There are several limitations to our study. Patients can obtain an MM card as early as the same day they meet with a qualifying physician, which may limit the ability to enroll participants prior to the initiation of MM treatment. Conversely, some participants in the MM group, despite expressing an intention to start treatment promptly, may experience delays in initiation due to various barriers, such as financial constraints or access issues. To address this issue, we have implemented additional compensation for participants who delay the initiation of their MM treatment to enroll in the study and begin MM treatment within 4 weeks of their baseline visit. Another potential limitation of the SMILE study is the wide variety of MM products and modes of administration available. As this is an observational study, no limitations are placed on what types of products may be used by participants. Attrition bias is a concern, as study participants who experience side effects or receive no benefits from MM treatment may withdraw from the study, which could result in a more favorable outcome toward MM improving chronic pain. To prevent this, our team emphasizes to the participants that we would like to continue monitoring their health outcomes regardless of whether they continue using MM. Our team may also waive certain data measures (eg, EMA, Fitbit) to make participation easier for individuals who are considering withdrawing from the study. Additionally, individuals with chronic pain may be experiencing pain due to undiagnosed cancer, which could result in misclassification.
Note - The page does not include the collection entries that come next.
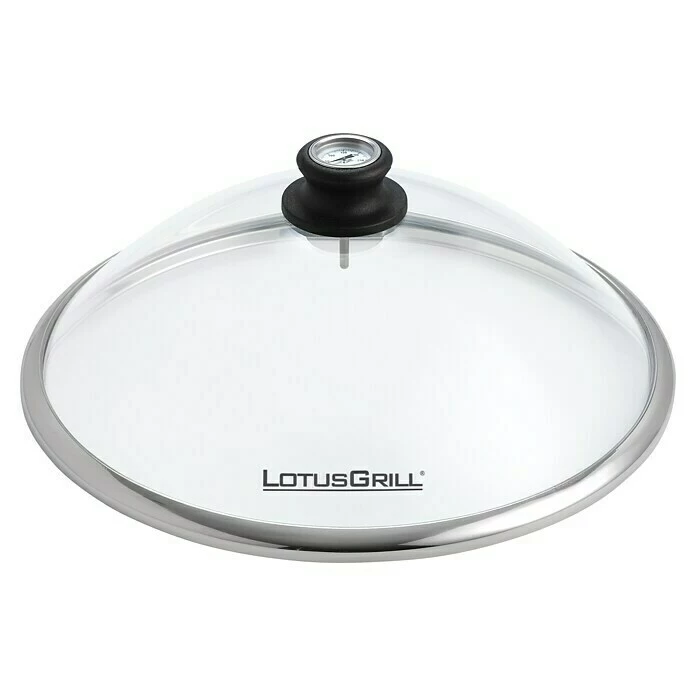 Die speziell entwickelte LotusGrill Glashaube aus Sicherheitsglas macht den Grill zu einem Multifunktionsgrill. Durch das integrierte Thermometer kann die erreichte Temperatur leicht abgelesen werden. Dank der Glashaube lässt sich das Grillgut durch das Glas bequem und sicher beobachten. Die Glashaube ist einfach zu handhaben und wird unkompliziert in der Spülmaschine gereinigt.
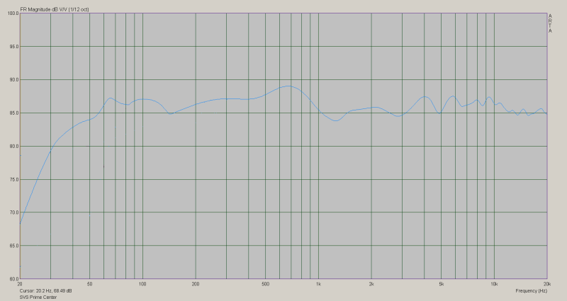 Sensitivity of the Prime Towers sits just around 87dB/2.83v at 1 meter which is exactly how SVS rated them. on-axis frequency response at 1 meter from the speaker shows roughly a +/-3db variation and exceptional extension all the way down to around 30Hz - which given the enclosure-size, driver-size, sensitivity, and price-point is quite an accomplishment. Overall the response appears linear, but with a slight peaking in the treble from 4kHz to 8kHz which may partly explain the occasional mild sibilance that I heard with certain program material.
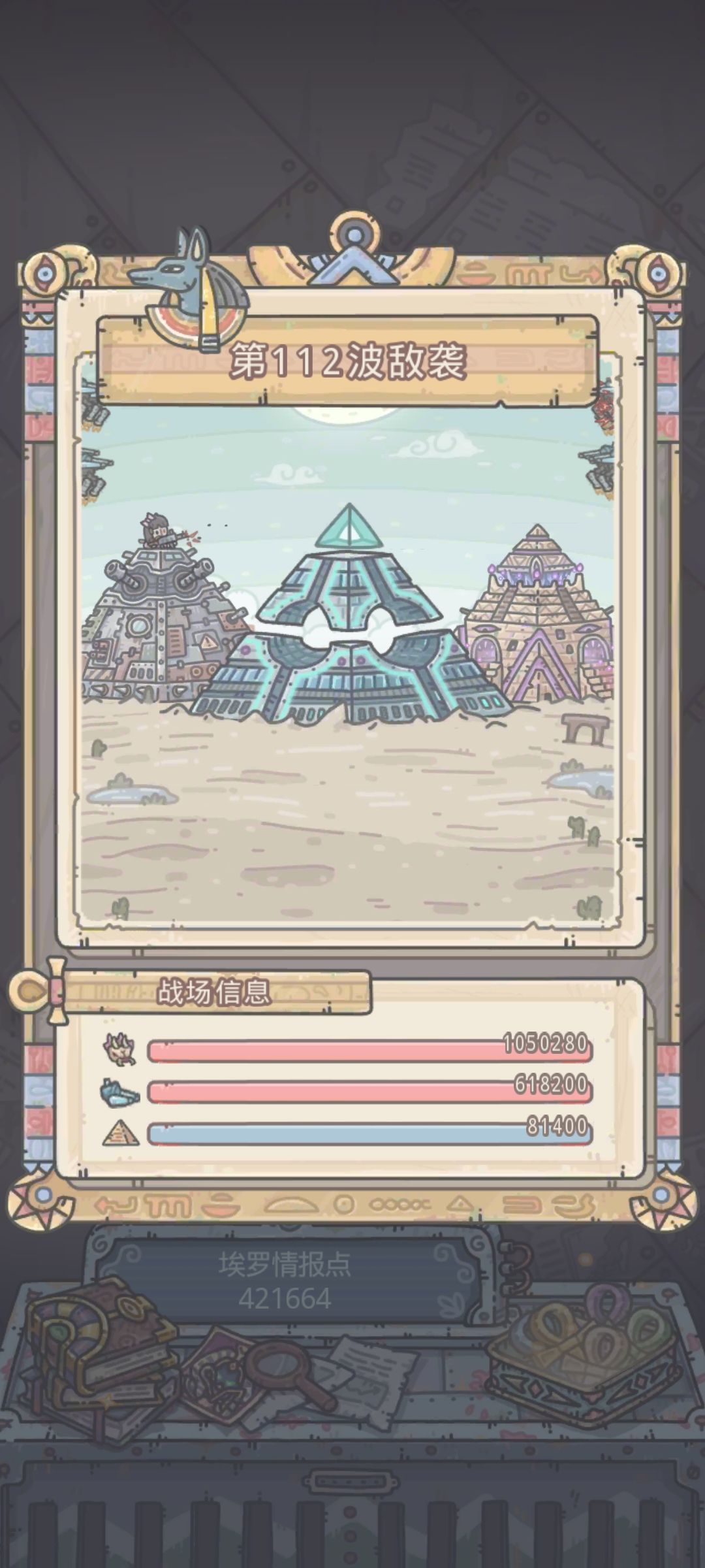 拿我在打的举例 如图 金字塔 总共能装四个配件 其中能量 魔法 物理 对空 每次里面一般能有三个能上场 比如我这关 能量无法使用 就用的 魔法 物理 对空 然后点进去看阵容 沙虫和钢铁 钢铁是能飞的 所以第四个配件就用杀虫剂 因为钢铁已经被对空又额外增伤了 同理 如果两个都不能飞 那么魔法 物理 能量肯定都能上的 对空就没用了 那第四个配件就点进去看阵容 哪个数量多就针对哪个 比如点进去看 虫子2

Dissemination Plan and Future Research

Results from this study will be published in peer-reviewed research journals and presented at conferences. Authorship for all manuscripts and presentations will follow the International Committee of Medical Journal Editors recommendations. Future research will be needed to expand the literature on the use of MM in older adults with chronic pain. In addition, the use of randomized controlled trials to control for the types of MM products used by participants will be useful in the future.